As was reported by many sources around the world, the Haruki Murakami advice corner website, called "Murakami san no tokoro," opened today.  The address is: The site is illustrated by Masaru Fujimoto.

Under the トップ tab on the left is an explanation from Haruki Murakami about how he suddenly felt like getting in touch with his readers after almost a decade. He promises to glance at all the questions himself (rather than have an editor or assistant do it), but explains that since the site is open to everybody, he expects a lot of questions and will not be able to answer them all. He apologizes to readers who will be disappointed.

There is also a section called 質問はこちら [Have a question?
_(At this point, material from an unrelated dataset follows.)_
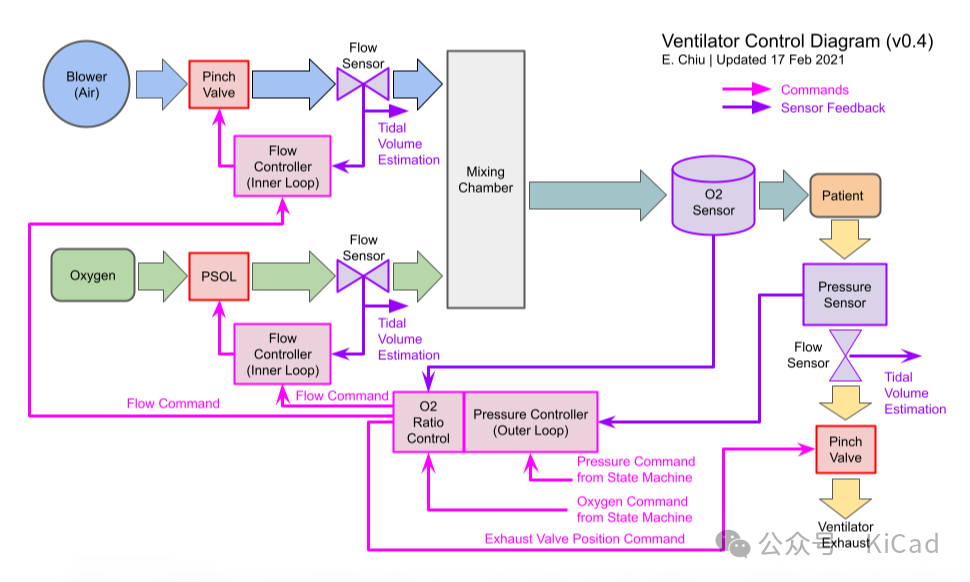从呼吸机 Rev 0.4 开始添加了一个单独的流量传感器,用于空气和氧气输入。整体结构为压力回路->流量指令->执行器。流动变得可控,而不仅仅是观察。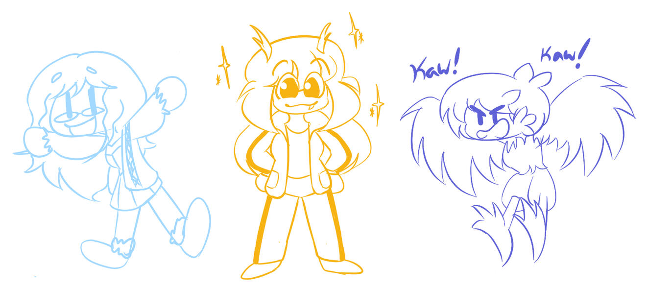 A doodle page consisting of one full body drawing, one half body drawing, and one headshot drawing!

Click here]. After clicking, we find a set of "house rules," which explain that all questions have to come belong to one of four categories. Here they are:

 In English they would be something like this:
1. Questions or advice I want to ask of Mr. Murakami
2. Something I want to tell Mr. Murakami
3. My favorite places, my least favorite places
4. [Things] related to cats or the Yakult Swallows [a professional baseball team]

There is also a limit of length: 1200 characters.
After reading the "House Rules," one can click on  質問を送る[send a question] and after filling in one's "pen name," age, gender, e-mail address, and occupation (not required) one can type in a question. The House Rules also warn that some of the questions and answers will appear on the webpage and may in the future be published, so readers have to be prepared that their "pen names," age, etc. will also be made public.
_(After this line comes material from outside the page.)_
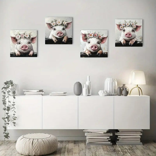 4pcs Adorable Pig Modern Flower Crown Design Wall Art Canvas Framed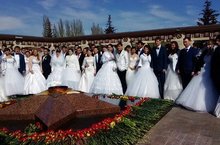 Парадтан соң яшь парларыбыз "Мәңгелек утка" чәчәкләр куйдылар . 12.05.2015

So how about asking a question?  The whole website is in Japanese.  One may guess that, since he knows English, Murakami may perhaps also consider answering a question asked in English, but that response may well be in Japanese. This does seem to be a unique opportunity to ask a famous writer a question. As far as I know, Murakami is one of very few writers -- perhaps even the only writer of his stature -- who engages in this kind of online exchange with readers.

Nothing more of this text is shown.